Традиционный хирургический подход к лечению эпилепсии называется височной лобэктомией (удалением височной доли мозга). Может быть рекомендован в том случае, если в результате операции не произойдет серьезного нейропсихологического нарушения. Осложнения зависят от право- или леворукости пациента и от того, в каком отделе мозга у него расположены центры речи и памяти. Тщательная дооперационная оценка помогает выявить тех больных, у которых височная лобэктомия может привести к острой потере памяти. Удаление височной дали впервые применялось у больных, страдающих от посттравматической эпилепсии. Техника операции с тех пор значительно модифицировалась. Во время многих таких операций общий наркоз применять нельзя; используется местная анестезия. Чтобы убедиться в том, что речь поражена не будет, перед операцией стимулируют участки височной доли и отмечают реакцию - это и называется картированием. Во время операции избегают затрагивать области мозга, ответственные за ключевые функции, например, речь. Стандартная лобэктомия височных долей может поражать зрение, но это редко бывает заметно больным и обнаруживается только при сложном исследовании. Вербальная и визуальная память также может быть нарушена. Однако такие побочные явления обычно считаются небольшой ценой за прекращение приступов и устраняются с помощью мнемонических, т. е. улучшающих память упражнений. Модифицированная лобэктомия и амигдалогиппокампэктомия (удаление двух частей мозга - амигдаллы и гиппокампа) могут предотвратить нарушение памяти. И стандартная, и модифицированная лобэктомия дают отличные результаты - в 90% случаев частота приступов в первый год после операции снижалась на 95%. Ауры могут сохраняться, но постепенно ослабевают. Даже у больных, у которых операция не может считаться успешной, частота и тяжесть приступов значительно снижаются. Большие приступы сменяются частичными или возникает новый тип генерализованного приступа. К более - менее нормальной жизни больной может вернуться при послеоперационном улучшении не менее, чем на 50%. При обсуждении вопроса о хирургическом лечении следует учитывать как вероятность успеха, так и возможность неудачи.

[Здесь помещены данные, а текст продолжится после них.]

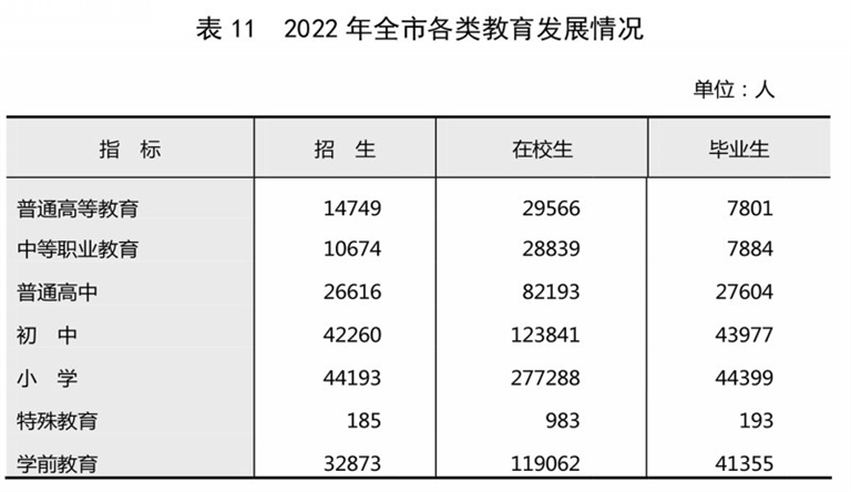 年末全市高等院校4所。全年新(改、扩)建公办幼儿园10所,认定普惠性民办幼儿园34所,学前教育毛入园率达到98.3%。

МНОЖЕСТВЕННАЯ СУБПИАЛЬНАЯ ТРАНССЕКЦИЯ

В настоящее время вместо лобэктомии височной доли хирург иногда рассматривает возможность операции, называемой множественной субпиальной транссекцией, т. е. разреза вещества мозга, лежащего под мягкой оболочкой. Эпилептогенная кора - часть головного мозга, где начинается возбуждение, приводящее к приступу - отделяется вертикальными срезами от остальной коры. В результате прерывается электрическое возбуждение и приступ не возникает. Подобная операция может быть предложена пациентам, которым грозит риск тяжелых побочных явлений от височной лобэктомии. До сих пор сделано не очень много субпиальных транссекций, чтобы с достоверностью оценить их исход.

ФРОНТАЛЬНАЯ ЛОБЭКТОМИЯ

При данной процедуре удаляется вся лобная доля. Перед тем как делать первый разрез, проводится картирование функций, например, речи. Это должно гарантировать сохранение некоторых ключевых функций мозга. Правильная идентификация эпилептогенного очага и его полное удаление приводят к результатам, сопоставимым с результатами операции височной лобэктомии. Однако локализовать очаг в височной доле легче, чем в лобной, а анатомические особенности последней делают операцию более опасной. Возможные осложнения фронтальной лобэктомии включают нарушения речи, инфекцию, изменения личности и ухудшение активной познавательной функции. После такой операции больной может демонстрировать более низкий коэффициент интеллектуальности по специфическим показателям оперированного полушария головного мозга. Этого может и не произойти, но способов избежать подобных явлений пока нет. А затруднение у больного способности планировать и проявлять инициативу делают реабилитацию особенно сложной.

КОММИСУРОТОМИЯ (ПЕРЕСЕЧЕНИЕ МОЗОЛИСТОГО ТЕЛА)

Когда приступы берут начало не из одной области мозга, может быть показана коммисуротомия - операция, при которой разъединяются два полушария головного мозга. Это - последнее средство, так как осложнения очень серьезны. Операцию часто делают в два этапа, чтобы свести к минимуму риск осложнений, но даже если между этапами проходит не менее трех месяцев, она может сопровождаться синдромом разъединения. Больной, страдающий подобным синдромом, апатичен, дезориентирован относительно правой и левой сторон, его движения и речь замедленны. Могут быть и другие нарушения. После двухэтапной операции синдром обычно проходит в течение недели, после одноэтапной для этого требуется больше времени. Наблюдаются и более серьезные побочные явления: нарушения речи, поведения и памяти. К сожалению, среди больных с поражением недоминирующего полушария более типично снижение коэффициента интеллектуальности. Ваше доминирующее полушарие определяет лево- или праворукость (у пациентов - правшей доминирует левое полушарие, и наоборот).
Коммисуротомия ликвидирует приступы с падением и эпилептическим статусом почти у 90% больных. Но сложные частичные приступы обычно не излечиваются, а у 25% пациентов даже учащаются.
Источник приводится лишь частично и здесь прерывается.